--- START ---
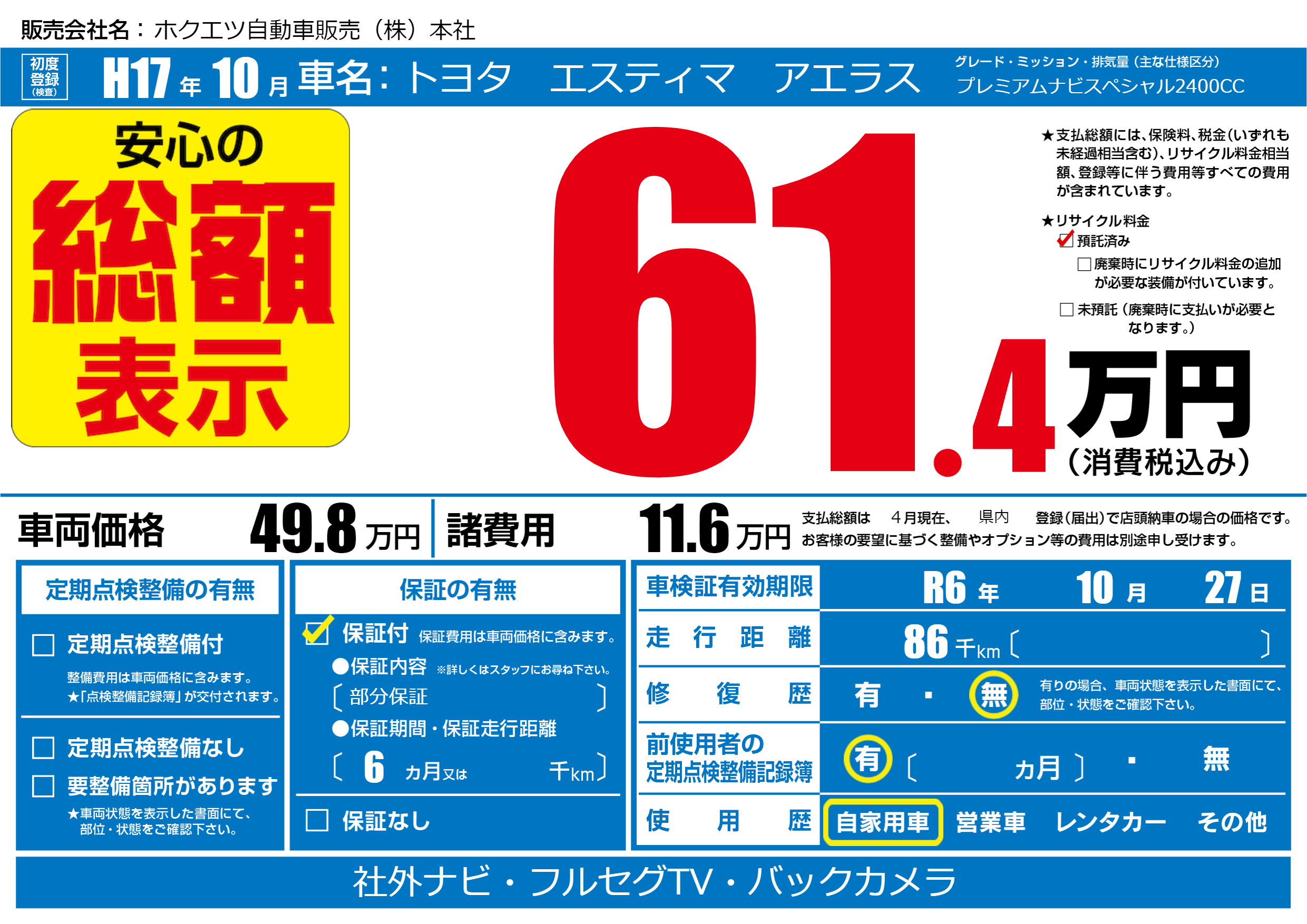 | 走行キロ | 8.6万km | 初年度登録 | H17年10月 |
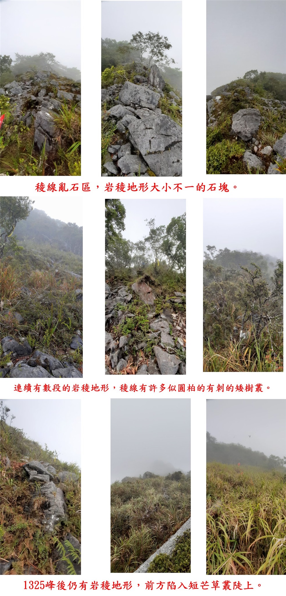10:00抵1325峰,續行仍有岩稜地形,前方陷入短芒草叢陡上,此段路況稍差。
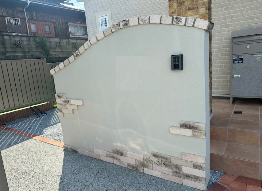 洋風の住宅に合わせ、門壁のレンガと塗装剤には白に近いブラン色を使用。
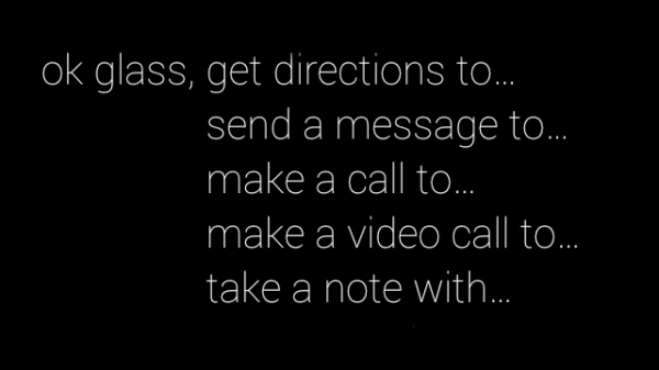 Google Glass има списък с основни команди от първо ниво (командата, която следва след „OK, Glass“). Разработчици на приложения ще могат да създават свои, но те ще трябва да бъдат предварително одобрени от Google.
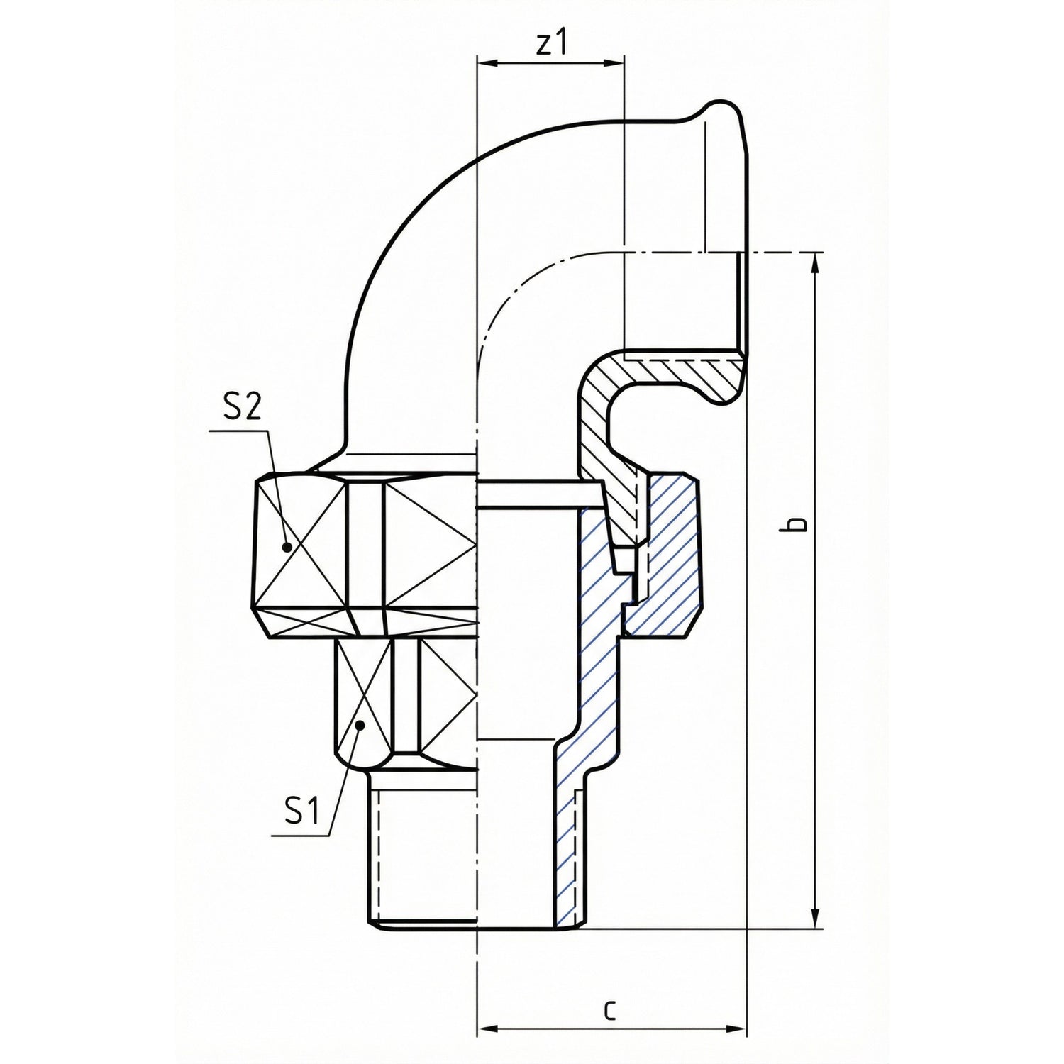 | Maat | DN | Ø Fitting | b (mm) | c (mm) | z1 (mm) | s1 / s2 (Sleutels mm) | L geschat (Tot. br.) | H geschat (Tot. h.) |
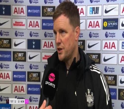 率隊(duì)在英超第26輪客場(chǎng)2-1擊敗托特納姆熱刺之后,紐卡斯?fàn)柭?lián)主教練埃迪-豪接受了來(lái)自TNT體育的采訪。
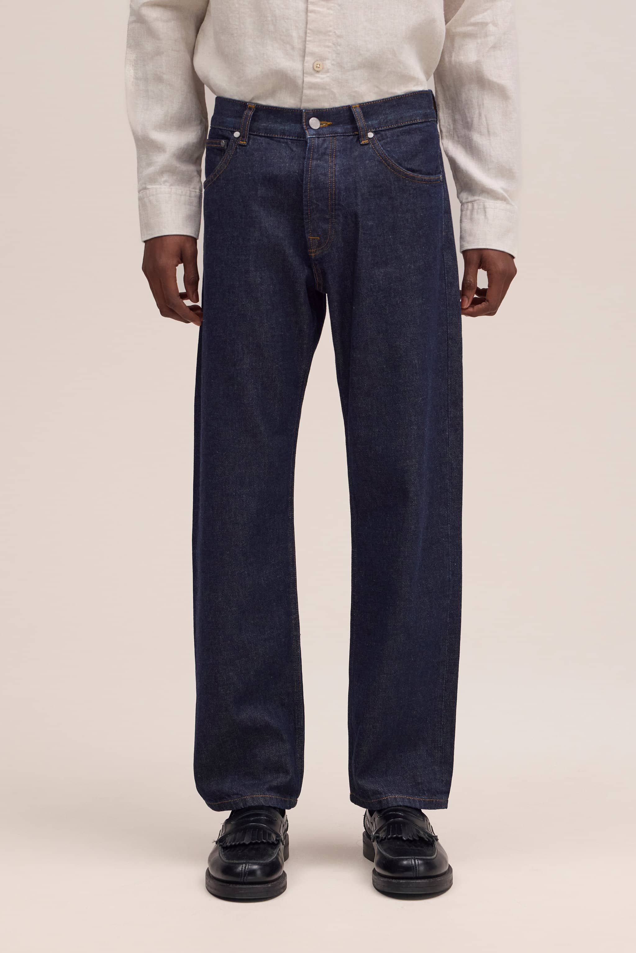 Regular, straight-leg jeans crafted from a midweight 12.4 oz cotton denim. Featuring five-pocket styling, button closure with matching rivets, and finished with blue embroidery stitching along the back pocket.
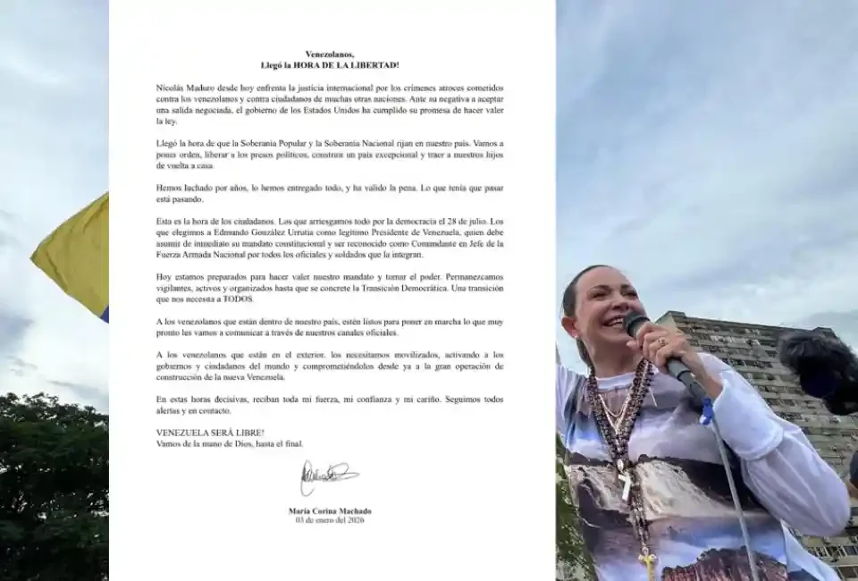 Machado señaló que, tras la captura de Maduro, se abre una etapa en la que deben prevalecer la soberanía popular y la soberanía nacional. “Llegó la hora de que la Soberanía Popular y la Soberanía Nacional rijan en nuestro país. Vamos a poner orden, liberar a los presos políticos, construir un país excepcional y traer nuestros hijos de vuelta a casa”, afirmó en su mensaje, acompañado del texto “Venezolanos, llegó la hora de la libertad”.
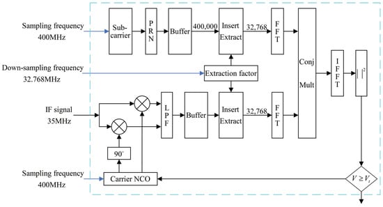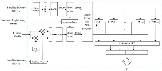 The maximum PMF-normalized gain attenuation for the Doppler frequency within is about 0.9. The detailed design for the PMF-FFT acquisition algorithm is shown in Figure 12:
--- END ---
Give back exactly the lines running from the one that contains "率隊(duì)在英超第26輪" to the end of the records, including both of those lines and excluding every picture.

 率隊(duì)在英超第26輪客場(chǎng)2-1擊敗托特納姆熱刺之后,紐卡斯?fàn)柭?lián)主教練埃迪-豪接受了來(lái)自TNT體育的采訪。
 Regular, straight-leg jeans crafted from a midweight 12.4 oz cotton denim. Featuring five-pocket styling, button closure with matching rivets, and finished with blue embroidery stitching along the back pocket.
 Machado señaló que, tras la captura de Maduro, se abre una etapa en la que deben prevalecer la soberanía popular y la soberanía nacional. “Llegó la hora de que la Soberanía Popular y la Soberanía Nacional rijan en nuestro país. Vamos a poner orden, liberar a los presos políticos, construir un país excepcional y traer nuestros hijos de vuelta a casa”, afirmó en su mensaje, acompañado del texto “Venezolanos, llegó la hora de la libertad”.
 The maximum PMF-normalized gain attenuation for the Doppler frequency within is about 0.9. The detailed design for the PMF-FFT acquisition algorithm is shown in Figure 12:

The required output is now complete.